The new robotic milking system not only allows the business to be more productive, but also has numerous health benefits for the cows. Through the positive association with being fed while milked and the autonomy for the cows to decide when to be milked, it reduces stress for the animal overall. Another benefit of the new system is the health checks for the cows, which allows for the monitoring of teat health. As each cow also wears a collar, all the data from each milking is directly linked to an app on the farmer’s device or computer. The farmer can then monitor the temperature of the cow, the body condition, and its movement. This means they can observe and examine the health of individual cows, leading to the best possible care for each cow.

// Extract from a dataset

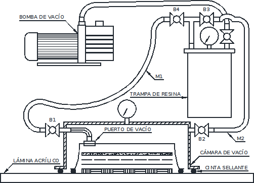 Seguidamente, se conecta el puerto de vacío a una pequeña manguera en el interior de la cámara que conduce a la válvula de bola B1, la cual regula el flujo de aire hacía la trampa de resina a través de la manguera M1. La válvula de bola B2, cumple con una función similar pero regulando la presión de aire en el interior de la cámara; para ello se conecta con la trampa de resina a través de la manguera M2. La cámara de vacío se fija al molde mediante cinta sellante que se ubica por fuera del perímetro de la bolsa de vacío. Durante la fase inicial del curado de la resina, se mantienen abiertas las válvulas de bola B1, B2, B3 y B4, se aplica la presión de vacío requerida para desgasificar el laminado tanto en la cámara como en la bolsa de vacío, evitando así que se ejerza presión sobre el material compuesto, mientras el aire atrapado escapa hacia el exterior a través de la manguera M1. Cuando la resina alcanza el punto de gel, se cierran las válvulas de bola B2 y B3, se desconecta la manguera M2 y se abre progresivamente la válvula de bola B2, liberando el vacío en la cámara, produciéndose un diferencial de presión entre la cámara y el interior de la bolsa, por lo que ésta colapsa sobre el laminado, ejerciendo fuerza sobre el mismo, compactándolo y manteniendo los refuerzos en la posición correcta durante el resto de la fase de curado de la resina epoxi. En el interior de la bolsa siempre debe aplicarse máxima presión de vacío.

The other aspect of the project is the automated scrapers and slurry separator. This equipment allows for the continuous scraping of the passageway, rather than once or twice a day, allowing for a cleaner environment for the cows, improving the health of their feet and reducing the lameness in the herd. The scraped slurry is then divided in the slurry separator and mixer, and the organic matter is used in the fields where there is a need for an organic matter boost. The liquid is used to replace fertiliser in targeted areas. As a result of this separator and mixer, there has been a reduction in the amount of nitrate on the ground.

This project has not only improved the lives of the cows and their welfare, it has also allowed the farm business to be more productive, producing a third more milk a day. Colin summarises the project saying: “the herd is far more relaxed and I wish I’d implemented such a project years ago”.

The benefits of being able to monitor and understand the herd is key to the efficient, self-sufficient farming of the future.